_WHAT NEEDS TO BE DONE_
Everything in the records must be copied exactly except the pictures.

_RECORDS FOR THIS EXERCISE_
/---
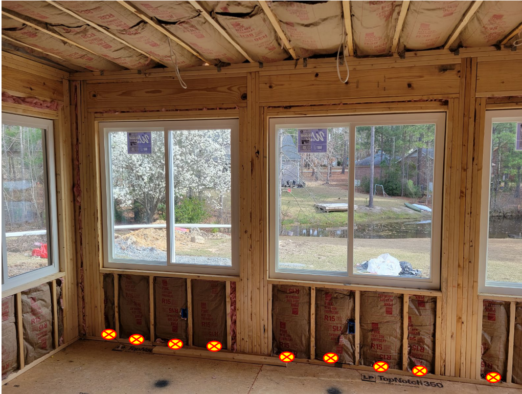
Item 1.b. Install additional 2 x 4 studs packed tightly to corners
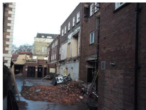
Rear Elevation December 2011
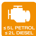
≤ 5 L. PETROL ≤ 2 L. DIESEL

New Boost function allows user to restart vehicles with depleted batteries
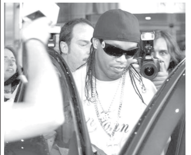
Barcelona has received a US$51m offer for two-time world player of the year Ronaldinho from English Premiership side Manchester City.

"After seven long years of hard work, I brought glory to my country in Athens and then they just threw the medal away," said Sheikh Ahmed, who has come out of retirement in a bid to retain his title at next month's Beijing Olympics. —MNA/Reuters
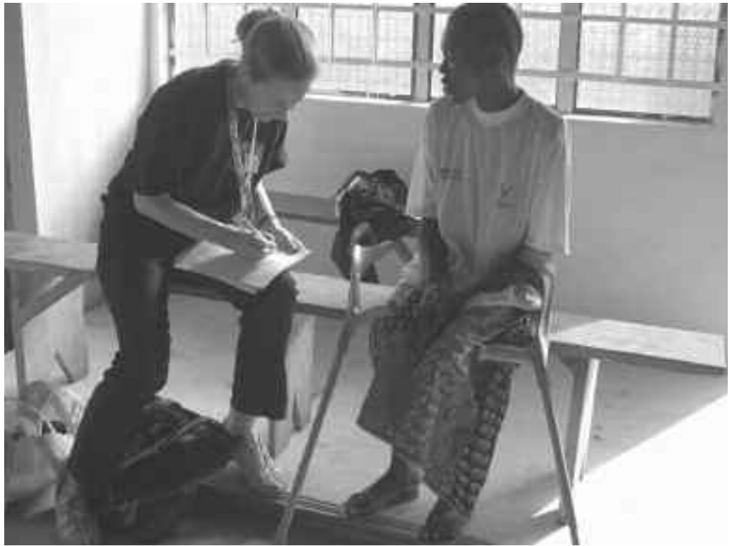
A girl who was disabled by the war in Sierra Leone meets with the Women's Commission.

community affairs and activities. Often mothers abandoned by their husbands and families and left alone with children with mental disabilities felt that they had no choice but to tie up their children if they wanted to leave their house for any reason. Although children with mental disabilities were able to attend school, they were much more likely to be ignored and neglected and not receive the support and assistance they needed. The priority, according to UNHCR, was to address negative attitudes toward people with mental disabilities through community awareness raising and public information programs. 40
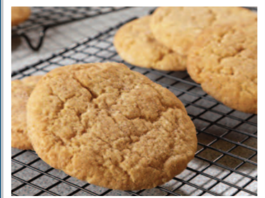
Snicker Doodle Biscuit

Available every day – Unlimited Salad, Freshly Baked Bread, Fruit Yoghurt, Fresh Fruit Platter & Chilled Water. For allergen information, please ask one of our Catering Team. All the above dishes are subject to availability.
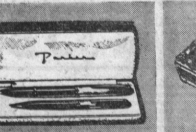
Parker Pen & Pencil Set Select now for gifts, for From $1.00 Weekly
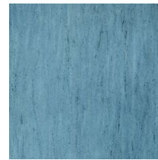
Wash 27436 LRV 23.7 | L* 55.77 V2 - Slight Variation
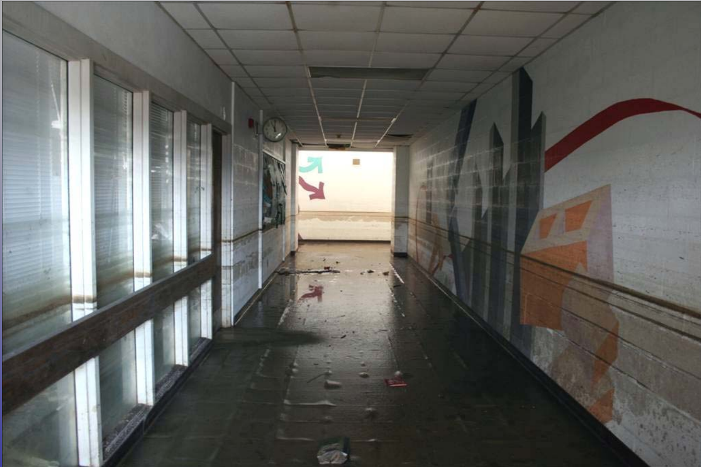
Sidney Collier Campus Louisiana Technical College
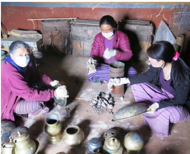
Cleaning artefacts and making inventory

Inventories: Work on various inventories continues.
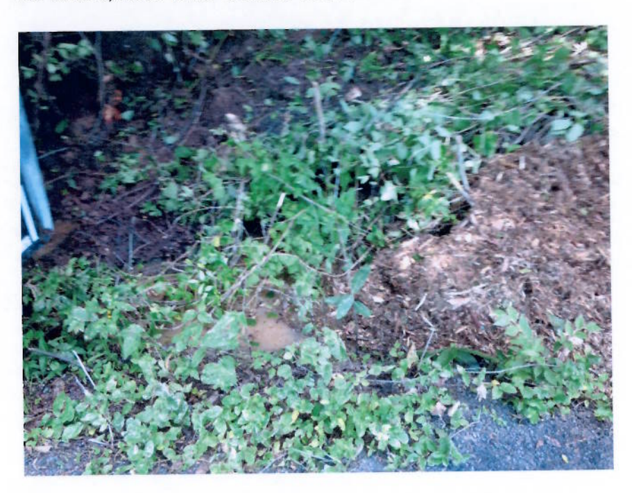
#2. Containment created on both ends of spill with wood chip berms.
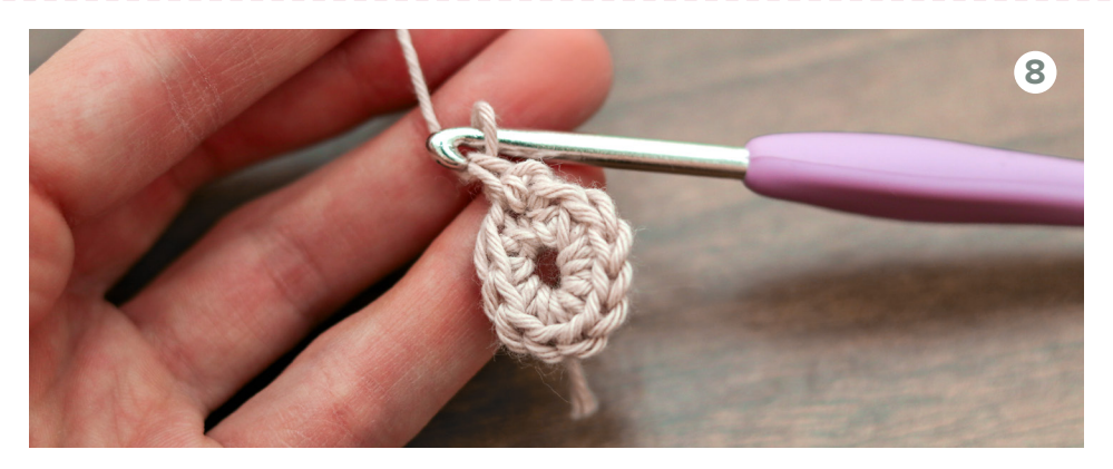
Round 3 Hdc20. SI in the 1st hdc. (images 9, 10)
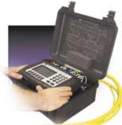
The optional, lockable, NEMA 4x case allows the use of the PP4300 in harsh environments.

Volts, Amps, Watts, VA, VAR, Power factor, Frequency, Voltage unbalance Current crest factor, Demand, Energy, Harmonic directivity, V&I total harmonic distortion, K Factor, Nth harmonics
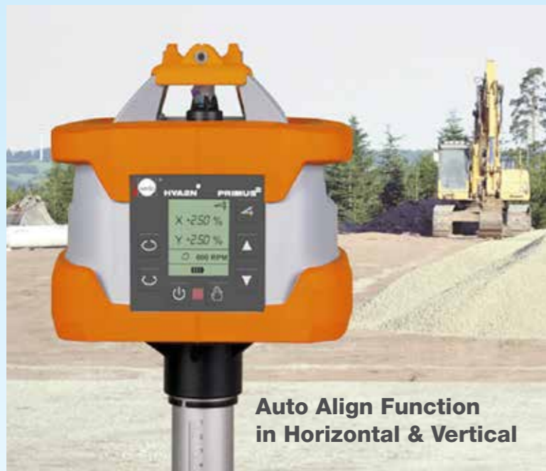
Auto Align Function in Horizontal & Vertical

Visit www.nedo.com then look at Nedo TV for video tutorials of "How to use" the Auto Align function in Horz & Vert
\---
_EXERCISE RESPONSE_
Item 1.b. Install additional 2 x 4 studs packed tightly to corners
Rear Elevation December 2011
≤ 5 L. PETROL ≤ 2 L. DIESEL

New Boost function allows user to restart vehicles with depleted batteries
Barcelona has received a US$51m offer for two-time world player of the year Ronaldinho from English Premiership side Manchester City.

"After seven long years of hard work, I brought glory to my country in Athens and then they just threw the medal away," said Sheikh Ahmed, who has come out of retirement in a bid to retain his title at next month's Beijing Olympics. —MNA/Reuters
A girl who was disabled by the war in Sierra Leone meets with the Women's Commission.

community affairs and activities. Often mothers abandoned by their husbands and families and left alone with children with mental disabilities felt that they had no choice but to tie up their children if they wanted to leave their house for any reason. Although children with mental disabilities were able to attend school, they were much more likely to be ignored and neglected and not receive the support and assistance they needed. The priority, according to UNHCR, was to address negative attitudes toward people with mental disabilities through community awareness raising and public information programs. 40
Snicker Doodle Biscuit

Available every day – Unlimited Salad, Freshly Baked Bread, Fruit Yoghurt, Fresh Fruit Platter & Chilled Water. For allergen information, please ask one of our Catering Team. All the above dishes are subject to availability.
Parker Pen & Pencil Set Select now for gifts, for From $1.00 Weekly
Wash 27436 LRV 23.7 | L* 55.77 V2 - Slight Variation
Sidney Collier Campus Louisiana Technical College
Cleaning artefacts and making inventory

Inventories: Work on various inventories continues.
#2. Containment created on both ends of spill with wood chip berms.
Round 3 Hdc20. SI in the 1st hdc. (images 9, 10)
The optional, lockable, NEMA 4x case allows the use of the PP4300 in harsh environments.

Volts, Amps, Watts, VA, VAR, Power factor, Frequency, Voltage unbalance Current crest factor, Demand, Energy, Harmonic directivity, V&I total harmonic distortion, K Factor, Nth harmonics
Auto Align Function in Horizontal & Vertical

Visit www.nedo.com then look at Nedo TV for video tutorials of "How to use" the Auto Align function in Horz & Vert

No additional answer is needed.